INSTRUCTIONS FOR THE TASK: Full transcription, minus images: write out the listing below exactly as it appears.

DATA PROVIDED:
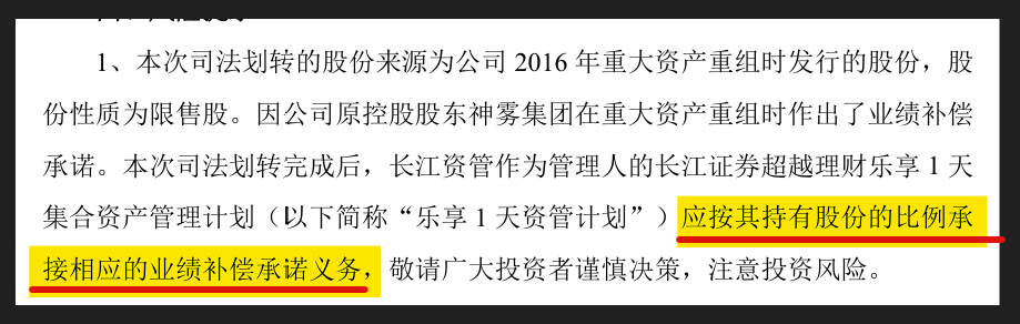 根据公告,所有划转股权都要按比例承担业绩补偿。此举已达成共识,否则 包括前期划转股权(共3.5亿股)均无法上市流通。
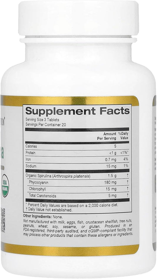 California Gold Nutrition Organic Spirulina Supplement β 500mg, 60 Tablets, Antioxidant Rich, Vegan, Gluten Free
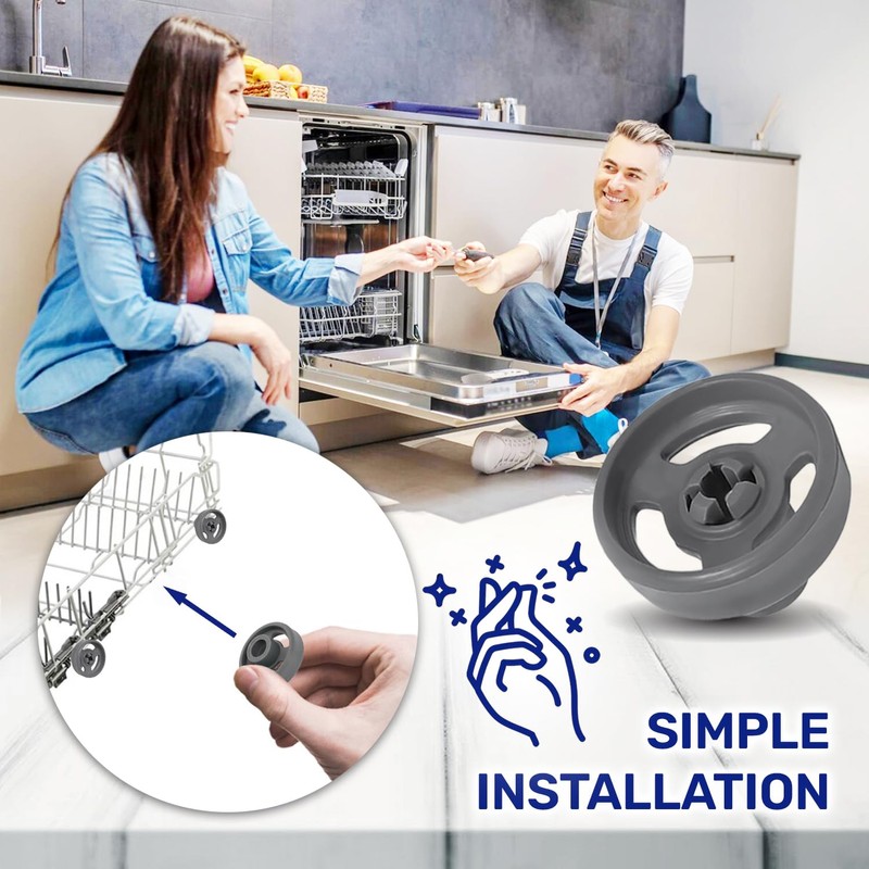 - No tools are required for mounting dishwasher rollers. In just a few minutes, the old rollers can be removed and new ones can be installed by pressing on the roller.
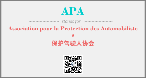 上述内容是“Association pour la Protection des Automobilistes”作为“APA”的缩写,解释为“保护驾驶人协会”时的信息,以及英文缩略词APA所代表的英文单词,其对应的中文拼音、详细解释以及在英文中的流行度和相关分类、应用领域及应用示例等。
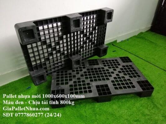 - Pallet nhựa mới kích thước 1000x600x100mm màu đen hiện tại có giá bán lẻ số lượng dưới 10 cái áp dụng giá đã niêm yết tại website GiaPalletNhua.com
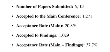 本届会议收到了前所未有的 6395 篇论文,其中有效投稿 6105 篇,比上一年足足增加了 1196 篇。经过了严格的审稿过程,主办方保持了与往年差不多的论文接收率,最终有 1271 篇主会议论文被接收。

OUTPUT BELOW:
 根据公告,所有划转股权都要按比例承担业绩补偿。此举已达成共识,否则 包括前期划转股权(共3.5亿股)均无法上市流通。
 California Gold Nutrition Organic Spirulina Supplement β 500mg, 60 Tablets, Antioxidant Rich, Vegan, Gluten Free
 - No tools are required for mounting dishwasher rollers. In just a few minutes, the old rollers can be removed and new ones can be installed by pressing on the roller.
 上述内容是“Association pour la Protection des Automobilistes”作为“APA”的缩写,解释为“保护驾驶人协会”时的信息,以及英文缩略词APA所代表的英文单词,其对应的中文拼音、详细解释以及在英文中的流行度和相关分类、应用领域及应用示例等。
 - Pallet nhựa mới kích thước 1000x600x100mm màu đen hiện tại có giá bán lẻ số lượng dưới 10 cái áp dụng giá đã niêm yết tại website GiaPalletNhua.com
 本届会议收到了前所未有的 6395 篇论文,其中有效投稿 6105 篇,比上一年足足增加了 1196 篇。经过了严格的审稿过程,主办方保持了与往年差不多的论文接收率,最终有 1271 篇主会议论文被接收。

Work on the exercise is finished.